COLLECTED MATERIAL:
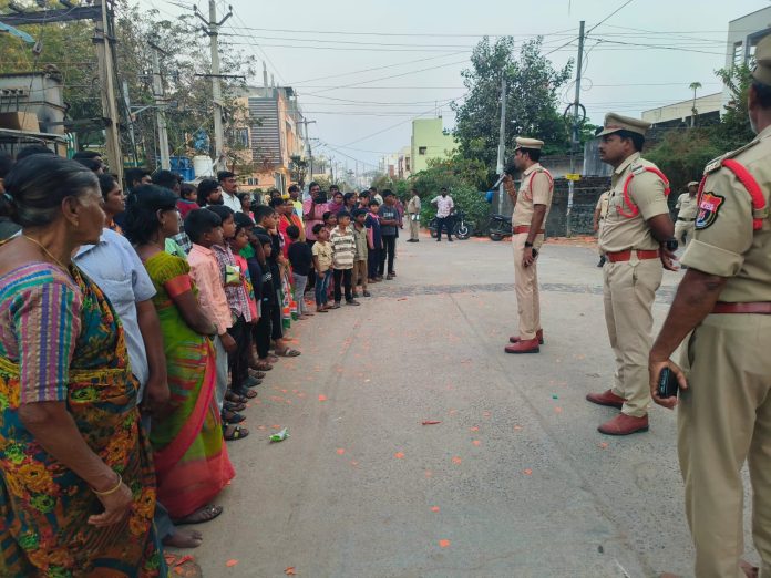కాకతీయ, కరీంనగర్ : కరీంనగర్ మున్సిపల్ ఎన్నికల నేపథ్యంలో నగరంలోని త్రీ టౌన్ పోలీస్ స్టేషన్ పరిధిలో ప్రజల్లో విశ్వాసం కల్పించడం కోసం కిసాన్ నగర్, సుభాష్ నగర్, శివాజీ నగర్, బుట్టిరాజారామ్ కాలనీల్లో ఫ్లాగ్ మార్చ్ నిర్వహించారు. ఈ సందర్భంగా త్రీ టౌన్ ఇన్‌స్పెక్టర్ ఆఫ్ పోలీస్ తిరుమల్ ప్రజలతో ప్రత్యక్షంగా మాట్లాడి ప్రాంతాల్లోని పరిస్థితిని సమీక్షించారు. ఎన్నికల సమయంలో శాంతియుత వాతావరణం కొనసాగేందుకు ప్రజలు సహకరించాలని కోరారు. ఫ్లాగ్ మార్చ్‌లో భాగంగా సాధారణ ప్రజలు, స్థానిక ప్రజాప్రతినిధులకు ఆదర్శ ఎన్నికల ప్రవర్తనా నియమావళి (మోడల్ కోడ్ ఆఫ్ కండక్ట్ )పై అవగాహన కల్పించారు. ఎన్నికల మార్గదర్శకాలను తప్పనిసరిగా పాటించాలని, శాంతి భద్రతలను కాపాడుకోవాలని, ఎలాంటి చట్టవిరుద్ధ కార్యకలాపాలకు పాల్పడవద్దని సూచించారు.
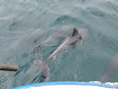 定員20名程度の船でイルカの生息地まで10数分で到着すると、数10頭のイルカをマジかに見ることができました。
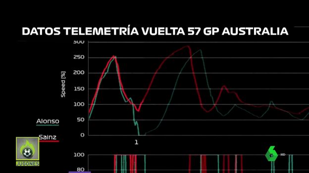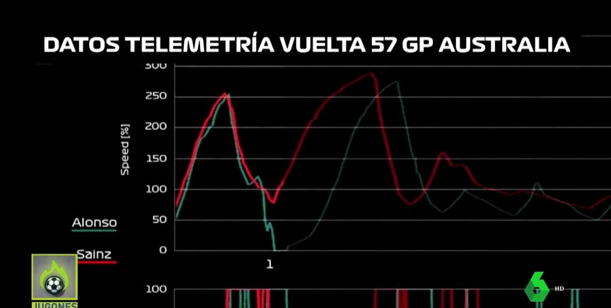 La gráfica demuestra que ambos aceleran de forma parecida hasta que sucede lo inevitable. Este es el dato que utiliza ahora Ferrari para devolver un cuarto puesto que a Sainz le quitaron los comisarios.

THE PROBLEM: Retype each line above exactly and leave out any picture.

RESULT FOR THIS EXERCISE:
కాకతీయ, కరీంనగర్ : కరీంనగర్ మున్సిపల్ ఎన్నికల నేపథ్యంలో నగరంలోని త్రీ టౌన్ పోలీస్ స్టేషన్ పరిధిలో ప్రజల్లో విశ్వాసం కల్పించడం కోసం కిసాన్ నగర్, సుభాష్ నగర్, శివాజీ నగర్, బుట్టిరాజారామ్ కాలనీల్లో ఫ్లాగ్ మార్చ్ నిర్వహించారు. ఈ సందర్భంగా త్రీ టౌన్ ఇన్‌స్పెక్టర్ ఆఫ్ పోలీస్ తిరుమల్ ప్రజలతో ప్రత్యక్షంగా మాట్లాడి ప్రాంతాల్లోని పరిస్థితిని సమీక్షించారు. ఎన్నికల సమయంలో శాంతియుత వాతావరణం కొనసాగేందుకు ప్రజలు సహకరించాలని కోరారు. ఫ్లాగ్ మార్చ్‌లో భాగంగా సాధారణ ప్రజలు, స్థానిక ప్రజాప్రతినిధులకు ఆదర్శ ఎన్నికల ప్రవర్తనా నియమావళి (మోడల్ కోడ్ ఆఫ్ కండక్ట్ )పై అవగాహన కల్పించారు. ఎన్నికల మార్గదర్శకాలను తప్పనిసరిగా పాటించాలని, శాంతి భద్రతలను కాపాడుకోవాలని, ఎలాంటి చట్టవిరుద్ధ కార్యకలాపాలకు పాల్పడవద్దని సూచించారు.
 定員20名程度の船でイルカの生息地まで10数分で到着すると、数10頭のイルカをマジかに見ることができました。
 La gráfica demuestra que ambos aceleran de forma parecida hasta que sucede lo inevitable. Este es el dato que utiliza ahora Ferrari para devolver un cuarto puesto que a Sainz le quitaron los comisarios.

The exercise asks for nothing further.